Dismissing meritless claims: The new Rules allow tribunals to dismiss manifestly meritless legal claims outright, before the proceedings get well underway.¹³ This is subject to time limits – parties must move for this relief within 45 days of the tribunal’s constitution.¹⁴ Tribunals must then rule within 60 days following their constitution or the last submission, whichever is later;¹⁵

Bifurcated proceedings: The Rules explicitly allow tribunals to split proceedings (handling legal and quantum issues successively, for example).¹⁶ ICSID tribunals have long done so under their own authority.
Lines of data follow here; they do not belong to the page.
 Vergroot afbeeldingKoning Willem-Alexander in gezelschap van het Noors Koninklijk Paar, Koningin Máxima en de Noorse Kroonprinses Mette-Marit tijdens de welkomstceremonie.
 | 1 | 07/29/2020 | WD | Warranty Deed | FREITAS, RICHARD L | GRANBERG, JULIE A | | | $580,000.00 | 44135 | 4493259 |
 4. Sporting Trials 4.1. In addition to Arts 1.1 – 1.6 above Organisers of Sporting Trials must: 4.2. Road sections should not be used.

The Rules codify this authority while giving tribunals criteria to consider whether bifurcation will materially reduce dispute time or effectively address questions separately;¹⁷

Consolidation: Parties to “two or more pending arbitrations administered by the Centre” can agree to consolidate them.¹⁸ Tribunals, however, cannot consolidate proceedings on their own authority;

Provisional measures: Tribunals often issue pre-award orders (such as interim injunctions) to protect parties’ rights during proceedings. The 2022 Rules clarify this practice. ICSID tribunals can now grant provisional measures to 1) maintain the status quo pending a dispute, 2) preserve evidence and 3) secure a party’s “rights” (including preventing action “that is likely to cause current or imminent harm to that party or prejudice to the arbitral process.”); and¹⁹

Costs awards: Arbitration costs awards are sometimes under-reasoned and vulnerable to too much party influence. The Rules direct ICSID tribunals to consider certain factors when crafting cost awards, such as the dispute’s outcome, the parties’ conduct, the complexity of the issues involved, and whether the parties’ costs claims are reasonable.²⁰

What do Asian states and investors need to know?
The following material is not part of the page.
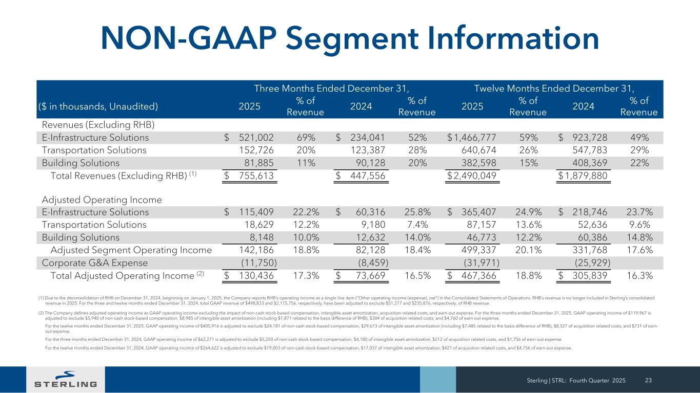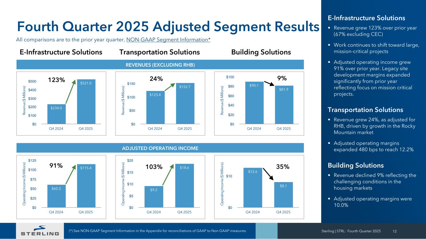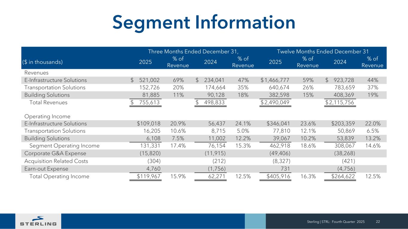 Three Months Ended December 31, Twelve Months Ended December 31 ($ in thousands) 2025 % of Revenue 2024 % of Revenue 2025 % of Revenue 2024 % of Revenue Revenues E-Infrastructure Solutions $ 521,002 69% $ 234,041 47% $ 1,466,777 59% $ 923,728 44% Transportation Solutions 152,726 20% 174,664 35% 640,674 26% 783,659 37% Building Solutions 81,885 11% 90,128 18% 382,598 15% 408,369 19% Total Revenues $ 755,613 $ 498,833 $ 2,490,049 $ 2,115,756 Operating Income E-Infrastructure Solutions $109,018 20.9% 56,437 24.1% $346,041 23.6% $203,359 22.0% Transportation Solutions 16,205 10.6% 8,715 5.0% 77,810 12.1% 50,869 6.5% Building Solutions 6,108 7.5% 11,002 12.2% 39,067 10.2% 53,839 13.2% Segment Operating Income 131,331 17.4% 76,154 15.3% 462,918 18.6% 308,067 14.6% Corporate G&A Expense (15,820) (11,915) (49,406) (38,268) Acquisition Related Costs (304) (212) (8,327) (421) Earn-out Expense 4,760 (1,756) 731 (4,756) Total Operating Income $119,967 15.9% 62,271 12.5% $405,916 16.3% $264,622 12.5% Segment Information Sterling | STRL: Fourth Quarter 2025 22

  • Be careful with third-party funding: Third-party funding is popular in Asia. Jurisdictions such as Singapore and Hong Kong have already established comprehensive guidelines for third-party funding in litigation and arbitration. Other states may follow their lead. Third-party funding will probably remain a crucial factor of investor-state proceedings, at least in the near term. If you intend to use third-party funding in a dispute under the 2022 Rules, please consider the information you need to disclose and stay current on those disclosures. You should also try your best to avoid conflicts of interest, as these can generate lengthy procedural challenges and undercut your case;
  • Manage your image and disclosure: The 2022 ICSID Rules guarantee greater transparency, which means you need to think about how your case will be perceived. Be attentive to your claims, defences and the evidence you need to prove them. If confidentiality is a concern, have a robust redaction plan in place ahead of time. Expect some degree of public scrutiny and third-party involvement. If your dispute is highly political or contentious, have a strategy for managing being in the spotlight. Chances are, it will prove a crucial part of your legal campaign;
  • Consider expedited arbitration. ICSID’s new expedited procedures may open doors for you. Expedited arbitration – along with other popular “intermediate” routes, such as mediation and conciliation – can be attractive alternatives to full-bore proceedings, and ICSID’s new procedures offer some welcome flexibility. If you are a smaller investor (or hold a smaller claim), you may now have a viable route to arbitrate disputes you previously considered too expensive. Moreover, states may prefer simplified proceedings and lower costs. Expedited arbitrations will demand less in the way of resources and institutional capacity, so you may find them easier to navigate even if you have little previous dispute resolution expertise;
  • Use the Additional Facility: The Additional Facility’s new jurisdictional scope will allow more parties to participate in ICSID arbitration. Vietnam, Laos and India, for example, are not ICSID Member States. Under the new regime, they and their investors can now choose Additional Facility arbitration even if their counterparty also lacks ICSID status. The same goes for Thailand, which signed the ICSID Convention in 1985 but never ratified it. ASEAN – now the primary driver for investment agreements in Southeast Asia – can also access the Additional Facility as a distinct party. This flexibility is extremely attractive. Consider incorporating the Additional Facility rules in your investment concessions and contracts, especially if your counterparty is not covered by the Convention;
  • Make the 2022 ICSID Rules work for you. They are a compromise, not a cure-all. Investors negotiating new concessions can request arbitration under the 2022 Rules as a middle ground between old-model procedures and national courts. States can select the new Rules in future treaties or investment laws, as they reform the arbitral process in key respects while still preserving its efficiencies and familiarities. If investor-state arbitration is simply off the table, you can consider ICSID mediation and conciliation procedures instead; and
  • Plan your dispute carefully. If you are in an investor-state dispute, you need a good roadmap. You need to have a strategy that takes you from start to finish – from a notice of intent all the way to award enforcement proceedings, if need be. To do this, you need to know what your treaty says, what your opponent will likely argue, where the evidence is and who it favours, and many other similar points. States and newer investors may lack the requisite institutional knowledge to navigate proceedings efficiently, so ensure you know the Rules and other key areas of investor-state proceedings.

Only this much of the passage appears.